On the area of the City Hall Park were under the number 561 a tulip tree ( Liriodendron tulipifera ), 562 a Geschlitztblättrige beech (Fagus sylvatica "Laciniata") as well as under the numbers 564 , 566 and 567 each have a sycamore (Platanus x hybrida) as Wiener natural landmarks under Nature conservation.
The town hall soon became too small to accommodate the central facilities of the city administration. In the area around the town hall, various “branches” of the town hall, municipal offices, have been created, including the following:
- The two blocks north of the Feldstrasse entrance are government offices. They accommodate u. a. the MUSA Museum Startgalerie Artothek set up by the cultural department , above that the Vienna Planning Information and the Vienna Business Agency .
- Behind the town hall, at the address Friedrich-Schmidt-Platz 5, the cultural department has resided for decades (municipal department 7).
- In the former Palais Obentraut, north of Friedrich-Schmidt-Platz, the Vienna planning workshop is located on the ground floor , while the upper floors are home to the City Audit Office , formerly the control office of the City of Vienna.
- In the former Weights and Measures Office ( Friedrich-Schmidt-Platz 3), which, as the golden globe on the roof indicates, the Federal Office for Metrology and Surveying was housed, municipal offices have also been located since the 1990s.
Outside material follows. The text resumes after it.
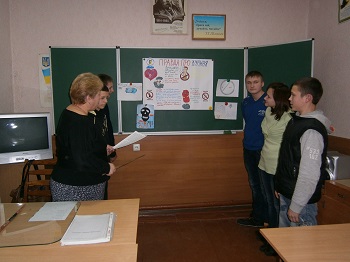 хворим та нещасним. | У 10 класі Н.Г.Куц провела анкетування. На питання анкети: «Що краще для вас – бути здоровим і щасливим, чи хворим і нещасним?». Учні відповіли: «Щоб зберегти здоровя, бути успішним у житті, потрібно не піддатися тютюновій спокусі». Зрозуміли, що потяг до сигарет нічого спільного з дорослістю й мужністю не має, навпаки, лише затримує фізичний, інтелектуальний, духовний розвиток. | Л.В. Салантій з метою збереження здоров’я та антитютюнової пропаганди серед дітей 9 класу провела тренінг «Куріння і здоров’я». Під час тренінгу учні виконували такі вправи як: «Мої очікування», «Мозковий штурм», а також працювали над завданням в групах. На завершення вихователь звернула увагу на 10 причин не починати палити, провела тести: «Чи знаєш ти про вплив тютюнового диму?». |

- After 1945, Bartensteingasse was synonymous with the Housing Office of the City of Vienna. Several houses in this street leading from the town hall entrance Lichtenfelsgasse are now official houses.
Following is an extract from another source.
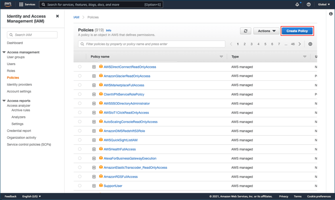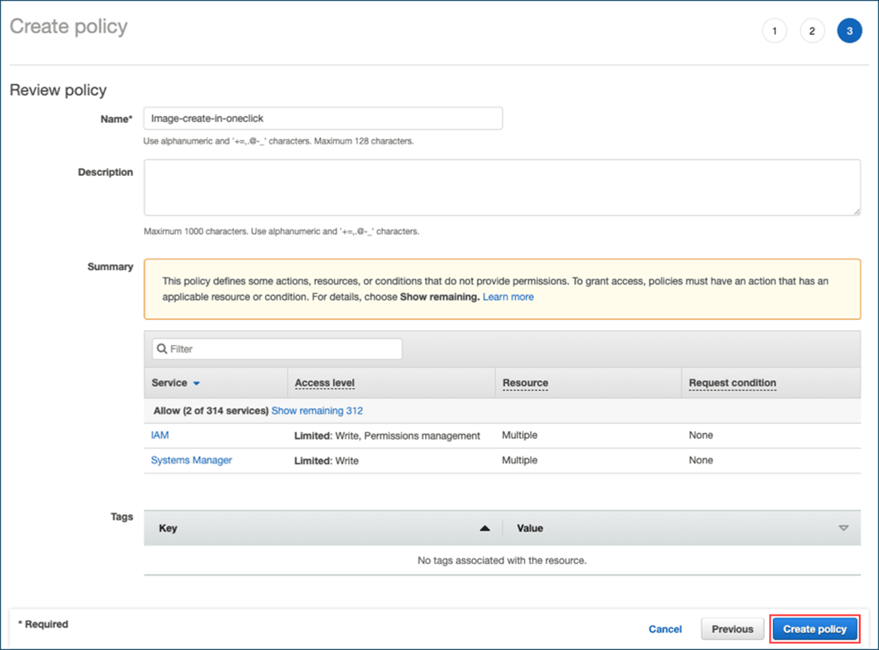 Klicken Sie auf Next, benennen Sie die Policy z.B. “Image-create-in-oneclick” und klicken dann auf Create Policy.

- Wien Holding , which manages the city's own companies , has its headquarters at Universitätsstrasse 11, at the corner of Landesgerichtsstrasse .
- At Rathausstrasse 1, at the corner of Stadiongasse , the headquarters of the city's IT department (then MA 53) was replaced by an earlier cinema building that was recently extended ( Forum-Kino , 1968–1972 seat of the Press and Information Service of the City of Vienna, MD-PID, then MA 53) ( Municipal Department 14) was established. This building was demolished in 2017 because the room layout did not correspond to its future use.
In the course of an overall renovation, which is expected to run from 2019 to 2024, the central tower of the town hall will be or is scaffolded. The 70 m high scaffolding will have a white protective net with a red print from mid-April 2019. The currently largest art installation in Austria with an area of 1500 m 2 was created by queer artists Ashley Hans Scheirl and Jakob Lena Knebl and shows two female-contoured but genderless figures. The slimmer one sits on the shoulders of the plump one. They allude to the artists, 100 years of Red Vienna and other topics.